The original implementation of tar was created at Bell Labs for early Unix releases circa 1979 to write files sequentially to tape drives such as those produced by DEC and Sun Microsystems. As Unix variants proliferated across organizations including AT&T, Berkeley Software Distribution, and later vendors like IBM, multiple implementations and extensions emerged. Standards efforts by bodies such as the IEEE and the Portable Operating System Interface (POSIX) committee produced specifications to harmonize behavior, leading to the POSIX.1-1988 and later POSIX.1-2001 standards. The GNU Project produced a free-software implementation that integrated with the Free Software Foundation’s ecosystem, while commercial and BSD-derived systems maintained compatible versions. Over decades, new header formats and features were added to accommodate filesystem enhancements introduced by platforms including Linux and macOS.

Features and usage

tar supports operations such as create, extract, append, list, and compare, enabling workflows used by administrators of Red Hat, Ubuntu Server, and cloud providers like Amazon Web Services and Google Cloud Platform. Options allow preservation of metadata relevant to systems like AIX and HP-UX, including POSIX ACLs and sparse file handling used by database appliances and virtualization platforms such as VMware ESXi and KVM. Common command-line patterns combine tar with compressors from projects such as gzip, bzip2, and XZ Utils to produce compressed tarballs for distribution by projects like Debian and Fedora Project. tar also supports incremental backups leveraging snapshotting strategies used in rsync and integration with backup suites like Bacula and Amanda.

File format and standards

The tar archive format encodes metadata in headers with fixed-size records suitable for sequential media like magnetic tape arrays produced by companies such as EMC Corporation and Hewlett-Packard.
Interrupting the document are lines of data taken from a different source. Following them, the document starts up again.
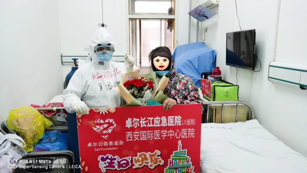 醫(yī)護(hù)人員為74歲患者孫某某送生日鮮花
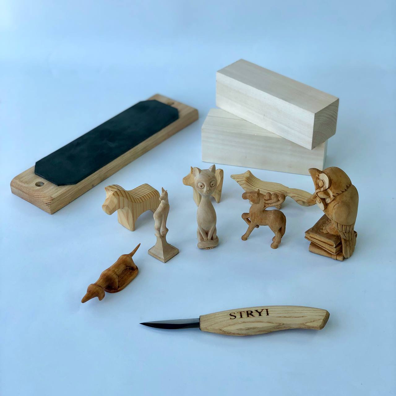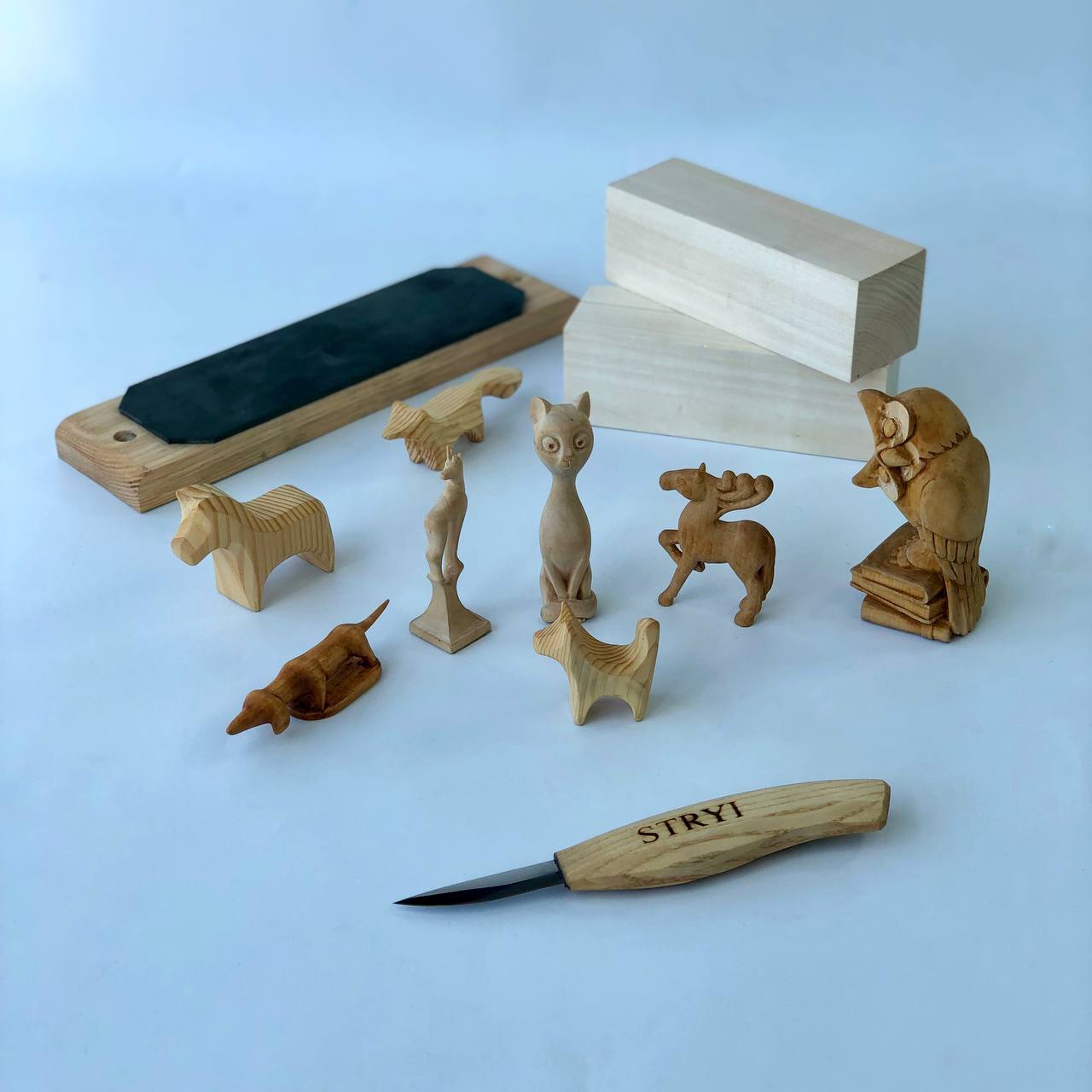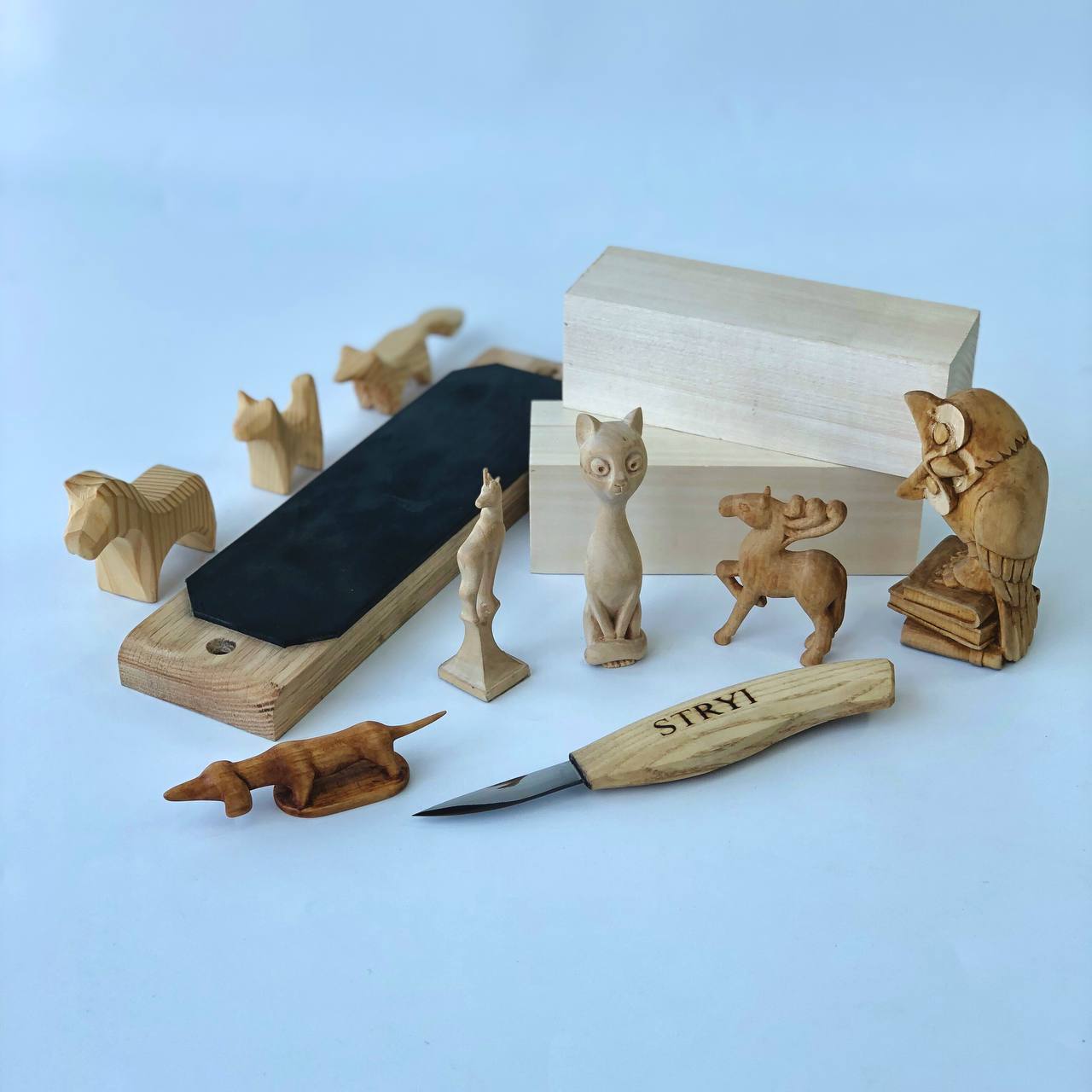 This carefully curated set includes everything you need to start whittling your own beautiful wooden figurines.
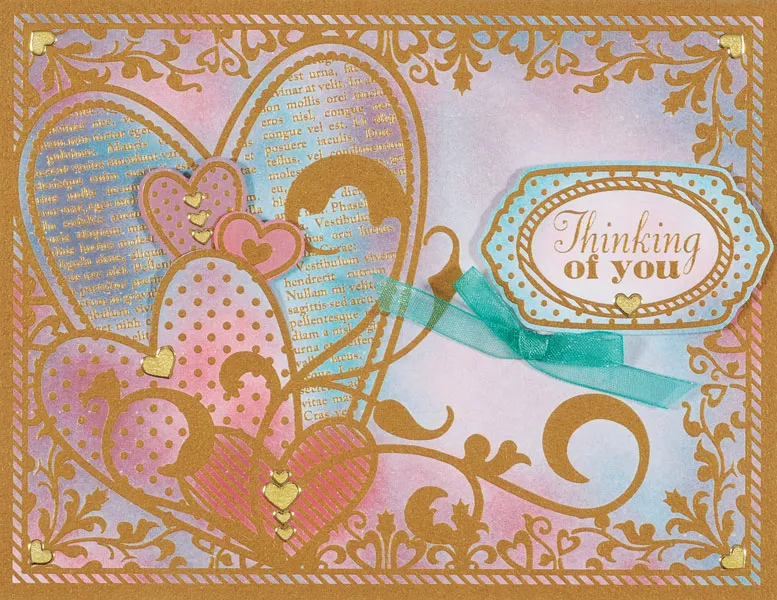 Color the edges of the “Thinking of you” label with Broken China ink. Very lightly add Worn Lipstick ink over the center oval. Wipe off the excess ink. foam tape the label to the right side of the card as shown. Embellish with Gold Heart Pearl Jewel Dazzles™ as shown. Use a 10” length of 1/4" wide teal sheer ribbon to tie a bow. Zot the bow near the label.
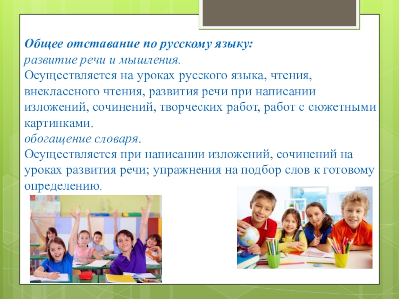Осуществляется при написании изложений, сочинений на уроках развития речи; упражнения на подбор слов к готовому определению.
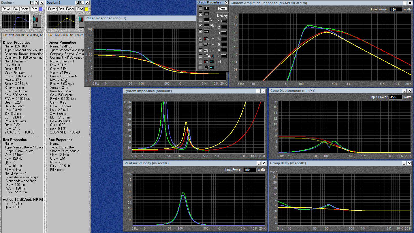Зеленый цвет - немного оптимизированный фазоинвертор. Оптимизации были нацелены на вытягивание возможно большей отдачи конкретно от этого динамика и требуют корректировки для других. Но не суть, +- полсапога добавление ФИ будет актуально для сдерживания хода подвижки и увеличения отдачи любого другого динамика. Параметры ящика выбраны и нарисованы на графиках уже с учетом фильтра второго порядка, настроенного на частоту 95 Гц.
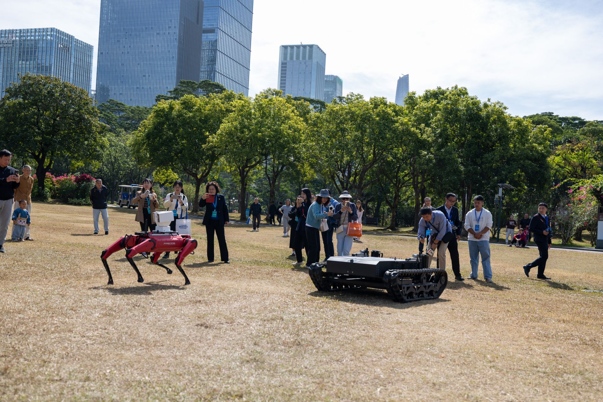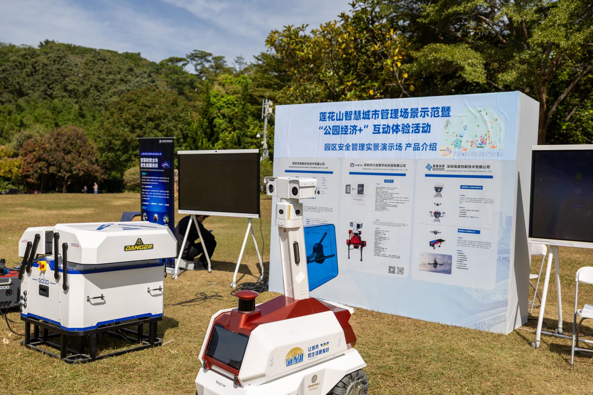 与此同时,莲花山公园变身为智慧城市管理的实景演示场,莲花湖上,“无人机+无人船+智能救援机器人”构建“空水岸”防线,创新生态保护模式;椰风林广场上,无人机配送演示低空经济拓展了城市服务的空间维度等。
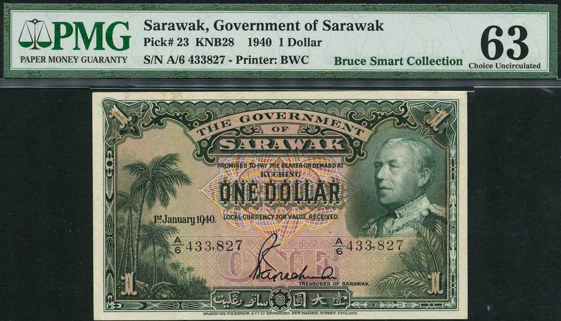 (x) Government of Sarawak, $1, 1 January 1940, serial number A/6 433827, green on multicolour underprint, Charles Vyner Brooke at right, palm trees at left, reverse green, arms at centre
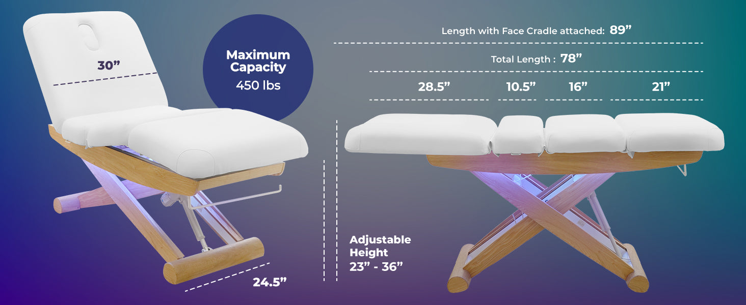 With a working height range of approximately 23″ to 36.5″, this table provides ergonomic comfort for estheticians and therapists. Its sturdy structure supports up to 450 lbs, making it suitable for all client types. Ideal for both day spas and medispas, the Sage Electric Spa Treatment Table delivers quiet power, versatility, and luxurious comfort—enhancing the overall client experience while elevating the look and efficiency of any treatment room.

The original format was extended by formats such as the USTAR header, which was designed during standardization by POSIX to address filename length and uid/gid limits, and later by the POSIX.1-2001 "pax" (Portable Archive Exchange) format which introduced key-value records to store extended attributes including long filenames and nonnumeric timestamps important for interoperability with filesystems like ZFS and XFS. The GNU tar variant introduced its own extensions to handle sparse files and extended attributes used on Linux and in macOS resource forks. Standards and specifications are maintained in contexts such as the IEEE Std 1003.1 family and documentation provided by projects like the GNU Project.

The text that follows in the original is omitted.